# Remington Sendero or Kimber Sonora?



## Dave2127 (Jun 18, 2010)

I have decided to purchase a 300 win mag and am looking for opinions. The two rifles I like most are the Remington Sendero and the Kimber Sonora. I am looking for opinions on both guns. I know the Sendero has a great reputation but have not heard much about the Kimber. Any opinions would be appreciated. Thanks.
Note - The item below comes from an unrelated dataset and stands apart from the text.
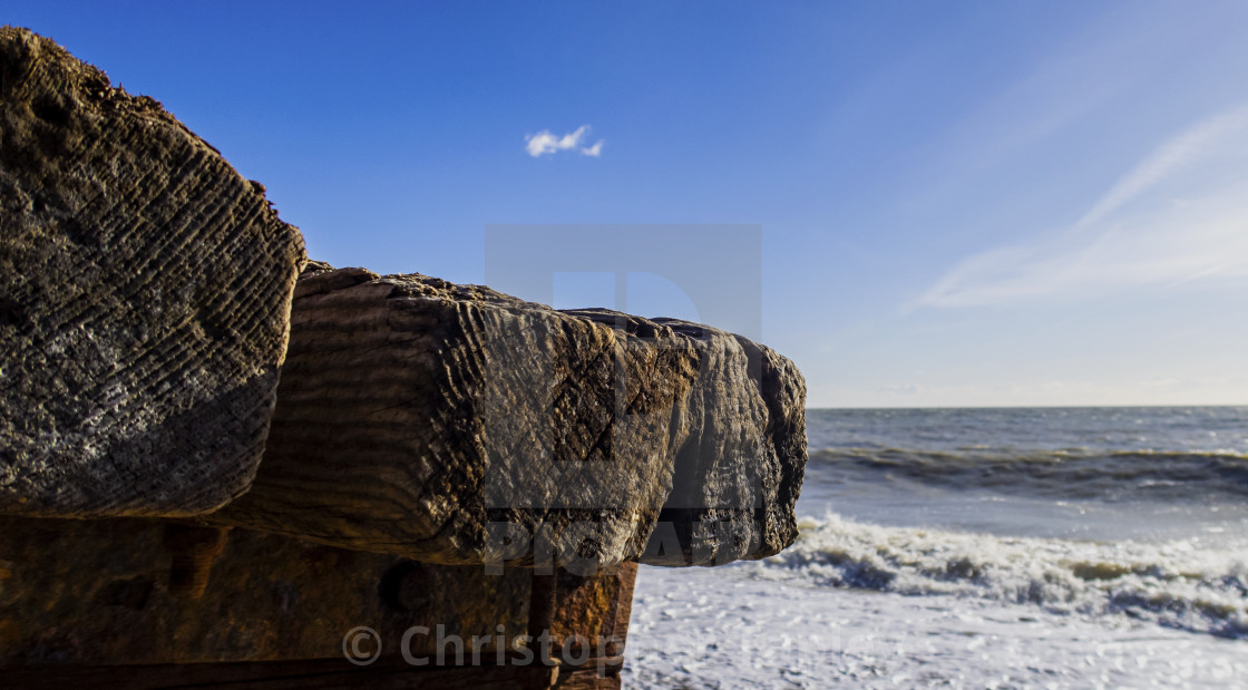 Old disused wooden jetty in Hythe, Southeast England, UK. Rich texture of the old wood is contrasted by the smooth background of the sea.

I also posted this in the Hunting forum.


----------



## muddyfuzzy (Jan 2, 2011)

i shoot a .25-06 in a sendero and love it. i have never been behind the sonora but it looks like a very well built rifle. the kimber takes many of it's attributes from the model 70' and the remington is a remington. both guns weigh about the same even though the sendero sports a 26" barrel vs. the sonora's 24". i shoot an older model that's "murdered-out" or black on black. i personally do not like stainless rifles and will never own another. the hs precision stock on the sendero is one of the best drop-ins around and features a full length aluminum bedding block. the stock on the sonora is similar to the reminton vls, which i also shoot in a .22-250. either way both are durable and tough as nails! i don't think you can go wrong with either and the cartirdge you have chosen is one of the best. this type of purchase depends more on the amount of money you want to spend and the appearance you pefer.

be sure to let us know what you get, and give a report.


----------



## Hbb6601 (Oct 12, 2010)

I've had both but prefer the sendero for the money. I haven't had one yet I couldn't get hand loads to shoot 1/2 MOA. Also its easy to install a jewell trigger on the sendero and they spoil you big time! I do like the Kimbers as well and have nothing bad to say about them.


----------



## Tafrica Outdoor Adventure (Apr 5, 2011)

I have a Sendero In 300 wby I did a trigger job on it with a muzzle brake and I am in Love with it.. I like it better then the christensen arms guns...


----------